The complaint alleges that the county of Glenn was formed out of a portion of the territory of Colusa county, under an act of the legislature approved March 11,1891; that in the years 1885, 1886, and 1887, the state board of equalization assessed the Northern Railway Company upon 62.81 miles of its railway then in the county' of Colusa; that the auditor of Colusa county entered the assessment made by the board of equalization upon the assessment-roll of said county in each of said years; that the amount of the taxes so assessed and due to the plaintiff for each of said years were as follows: For 1885, $4,050; for 1886, $3,969.60; and for 1887, $3,728.40; and that the whole of said sums were due, owing, and unpaid from said railway company to the plaintiff at the time the defendant county was organized; that in the year 1894 said railway company paid into the state treasury, on account of the sums so due the plaintiff, the sum of $3,526.74, and thereafter, in the month of December, 1894, $1,622.72 of said sum was paid to the county of Glenn, but that said money so paid to the defendant was and now is the property of the plaintiff; that at the time of said payment the defendant had notice and knowledge of all said facts, but has neglected and refused to pay the plaintiff said sum of $1,622.72, or any part of it. The complaint also alleges the due presentation of the claim to the board of supervisors of the defendant county, and the rejection of said claim. A second count or cause of action for money had and received is also pleaded. The demurrer was general and special. The demurrer appears to have been sustained upon the ground that an action for money had and received will not lie against a county.

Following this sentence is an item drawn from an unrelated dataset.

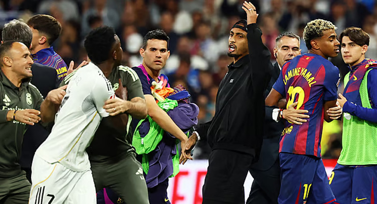 এতেই শেষ নয়। দুই দলের খেলোয়াড়দের মধ্যে হাতাহাতি শুরু হয়। মাঠে বিশৃঙ্খলা তৈরি হয়, রেফারিদের হস্তক্ষেপে পরিস্থিতি কিছুটা নিয়ন্ত্রণে আসে। তবু ভিনিসিয়ুসকে দেখা যায় আক্রমণাত্মক ভঙ্গিতে ইয়ামালের দিকে কিছু বলতে। ঘটনাস্থলে উপস্থিত সূত্রের দাবি, তিনি নাকি বলেছিলেন, “তুমি ব্যাকপাস ছাড়া কিছুই করনি!”

[436]*436Section 4 of the County Government Act declares that counties have power “to sue and be sued.” This is a general authority, and any restriction upon that power must be determined from the nature or character of the action brought, and by the further requirement that all claims against a county must be first presented to the board of supervisors for allowance, and that no action can be maintained without such presentation.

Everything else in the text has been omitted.